Ее резко разбудил звук. Негромкий, но отчетливый. *Щелчок* дверной ручки.
Кэролайн вскочила на кровати, мгновенно проснувшаяся, сердце бешено колотилось где-то в горле. Взгляд метнулся к двери. Она была закрыта. Но… она *слышала*! Или ей приснилось? Адреналин лихорадочно пульсировал в висках. Она замерла, вслушиваясь в тишину, каждый нерв натянут как струна.
За дверью послышался легкий скрежет – будто что-то тяжелое поставили на пол. Потом – отдаляющиеся, почти бесшумные шаги. Не Ребекка. Ребекка шагала уверенно. Не Элайджа – он двигался бы бесшумно как тень. Это были осторожные, служительские шаги.
Кэролайн подождала, пока шаги не затихли вдалеке. Затем, медленно, как в замедленной съемке, она соскользнула с кровати и подошла к двери. Приложила ухо. Ничего. Только биение собственного сердца. Осторожно, беззвучно повернула ручку и приоткрыла дверь ровно настолько, чтобы выглянуть.
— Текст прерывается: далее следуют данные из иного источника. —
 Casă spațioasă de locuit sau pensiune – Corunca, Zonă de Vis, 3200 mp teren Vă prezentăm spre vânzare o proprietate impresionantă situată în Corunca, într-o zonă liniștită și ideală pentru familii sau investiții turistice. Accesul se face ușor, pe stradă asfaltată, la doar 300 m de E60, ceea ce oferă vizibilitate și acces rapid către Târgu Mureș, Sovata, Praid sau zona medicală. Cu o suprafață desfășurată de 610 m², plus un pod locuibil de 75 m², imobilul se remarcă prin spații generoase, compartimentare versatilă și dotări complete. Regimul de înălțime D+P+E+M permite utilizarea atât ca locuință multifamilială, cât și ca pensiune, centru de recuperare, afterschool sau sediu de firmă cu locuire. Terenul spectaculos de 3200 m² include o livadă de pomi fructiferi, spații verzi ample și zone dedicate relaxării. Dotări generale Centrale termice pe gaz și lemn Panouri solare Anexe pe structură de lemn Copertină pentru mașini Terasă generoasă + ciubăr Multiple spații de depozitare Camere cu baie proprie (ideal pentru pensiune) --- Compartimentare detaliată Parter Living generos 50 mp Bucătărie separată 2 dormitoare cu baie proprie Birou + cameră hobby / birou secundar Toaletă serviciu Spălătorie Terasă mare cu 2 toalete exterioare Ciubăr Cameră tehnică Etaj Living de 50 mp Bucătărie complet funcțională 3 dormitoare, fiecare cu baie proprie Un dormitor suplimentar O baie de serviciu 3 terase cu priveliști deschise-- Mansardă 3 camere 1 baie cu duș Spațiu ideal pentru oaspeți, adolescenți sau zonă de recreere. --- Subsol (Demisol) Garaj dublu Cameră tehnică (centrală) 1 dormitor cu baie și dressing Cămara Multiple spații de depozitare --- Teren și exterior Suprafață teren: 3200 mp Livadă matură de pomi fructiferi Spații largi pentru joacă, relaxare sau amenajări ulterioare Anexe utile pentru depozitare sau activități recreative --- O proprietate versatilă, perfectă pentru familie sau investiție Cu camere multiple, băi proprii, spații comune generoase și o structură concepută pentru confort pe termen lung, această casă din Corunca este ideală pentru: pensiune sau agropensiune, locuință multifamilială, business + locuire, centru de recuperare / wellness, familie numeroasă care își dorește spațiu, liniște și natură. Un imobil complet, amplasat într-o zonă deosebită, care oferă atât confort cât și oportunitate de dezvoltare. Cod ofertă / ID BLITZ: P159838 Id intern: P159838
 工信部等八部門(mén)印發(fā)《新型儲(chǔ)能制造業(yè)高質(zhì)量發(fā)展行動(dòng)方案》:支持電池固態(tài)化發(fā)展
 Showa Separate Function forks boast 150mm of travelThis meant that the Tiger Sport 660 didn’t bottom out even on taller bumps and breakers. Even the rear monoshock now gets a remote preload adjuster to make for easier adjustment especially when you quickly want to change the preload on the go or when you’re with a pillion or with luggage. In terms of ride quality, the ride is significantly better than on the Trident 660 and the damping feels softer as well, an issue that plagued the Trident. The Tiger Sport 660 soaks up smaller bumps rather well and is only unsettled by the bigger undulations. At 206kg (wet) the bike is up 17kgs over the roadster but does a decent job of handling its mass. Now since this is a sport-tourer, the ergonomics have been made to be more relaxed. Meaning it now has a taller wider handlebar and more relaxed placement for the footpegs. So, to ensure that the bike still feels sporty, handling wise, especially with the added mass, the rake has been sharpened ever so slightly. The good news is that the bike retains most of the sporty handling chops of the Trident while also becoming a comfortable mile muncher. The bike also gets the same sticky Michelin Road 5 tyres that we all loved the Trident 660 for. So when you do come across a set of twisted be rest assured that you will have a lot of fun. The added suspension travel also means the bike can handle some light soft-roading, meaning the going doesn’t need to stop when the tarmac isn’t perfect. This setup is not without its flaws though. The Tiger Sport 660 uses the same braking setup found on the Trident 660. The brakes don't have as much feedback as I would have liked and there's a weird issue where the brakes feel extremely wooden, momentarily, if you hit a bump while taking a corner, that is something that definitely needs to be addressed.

В полумраке коридора, прямо у порога, стоял еще один поднос. На нем – серебряный кофейник, источающий божественный аромат свежесваренного кофе, кружка, маленькая вазочка с идеальной розой алого цвета и… сложенная аккуратным квадратом газета. Утренний выпуск.
Но не это привлекло ее внимание. Рядом с подносом на дорогом ковре лежал небольшой предмет. Кэролайн наклонилась и подняла его. Это был… нож. Не кинжал вампирского охотника, не ритуальный клинок. Обычный, но очень острый складной нож с удобной рукоятью. Подарок? Или тест?
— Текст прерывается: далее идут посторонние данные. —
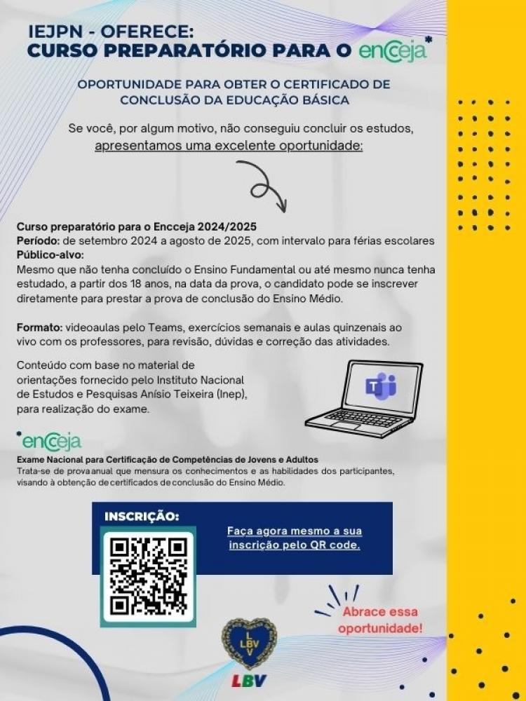O Instituto de Educação José de Paiva Netto (IEJPN), escola da Legião da Boa Vontade (LBV) na capital paulista, está oferecendo gratuitamente um Curso Preparatório (EAD) para candidatos que desejam obter a certificação do Ensino Médio no Exame Nacional para Certificação de Competências de Jovens e Adultos (ENCCEJA)-2025.
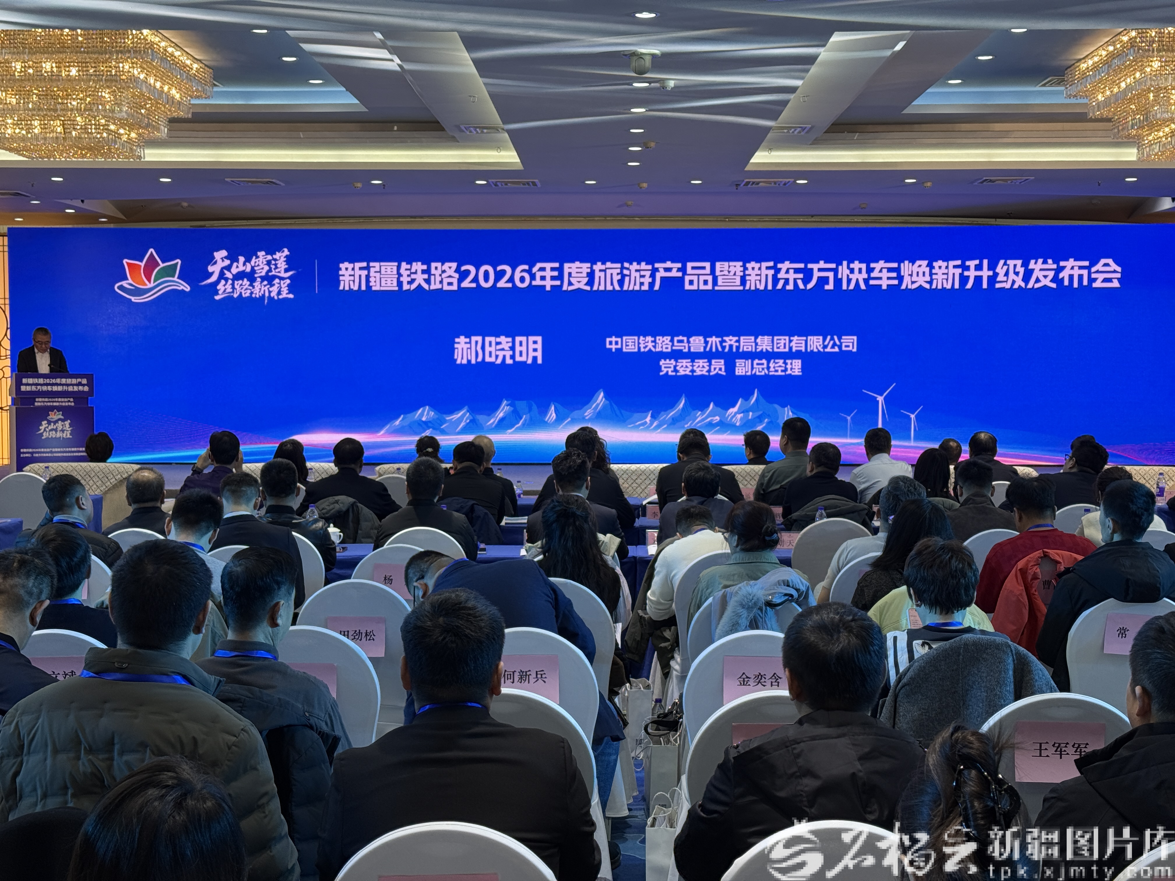 3月18日,新疆铁路部门举办“天山雪莲·丝路新程——新疆铁路2026年度旅游产品暨新东方快车焕新升级”发布会。图/中国铁路乌鲁木齐局集团有限公司提供

Она сжала холодную рукоять в ладони. Оружие. Даже такое простое. Оно давало ложное, но такое необходимое чувство контроля. Хотя бы видимость защиты в этом золоченом зверинце.
Кэролайн забрала поднос и нож, быстро заперла дверь изнутри. Поставила кофе на тумбочку. Запах был бодрящим, соблазнительным. Она развернула газету. Первая полоса. Крупный заголовк: "Тайна Доков: Третье нападение за неделю. Жертвы обескровлены." Подзаголовок: "Полиция в тупике, жители в панике". И фотография – знакомый, грязный причал, оцепленный лентой.
Марсель. Его работа. Или его людей. Предупреждение? Напоминание? Или Ребекка просто давала ей понять, что происходит в городе, пока она отсиживается за высокими стенами?
Кэролайн отбросила газету. Она налила себе кофе. Рука дрожала. Она поднесла кружку к лицу, вдыхая горьковато-бодрящий аромат. За окном лил дождь, омывая город, но не смывая его грехи. Внутри особняка было тихо и безопасно. Но безопасность эта была иллюзорной. Хрупкой. Как тонкий фарфор на подносе.
Она смотрела на алую розу в вазочке. Такой же цвет был у платья, в котором она когда-то танцевала с ним. Намеренно? Она взяла нож, лежащий рядом на тумбочке. Лезвие блеснуло в свете лампы, когда она его открыла одним резким движением. Острое. Опасное. Как и все в этом доме. Как и чувства, которые она принесла с собой.
Кэролайн отпила глоток горячего кофе. Горечь разлилась по языку, прогоняя остатки сна. Передышка подходила к концу. Затишье было обманчивым. Буря – в лице Никлауса Майклсона – приближалась. И она должна была быть готова. С ножом в руке и огнем страха – и чего-то еще, опасного и неистребимого – в сердце, она смотрела в окно на залитый дождем Новый Орлеан, ожидая неизбежного. Следующий щелчок ручки может быть уже не слугой. И тогда иллюзия безопасности рухнет. Оставалось только ждать. И слушать тишину, звонкую, как натянутая струна, в предрассветные часы перед ураганом.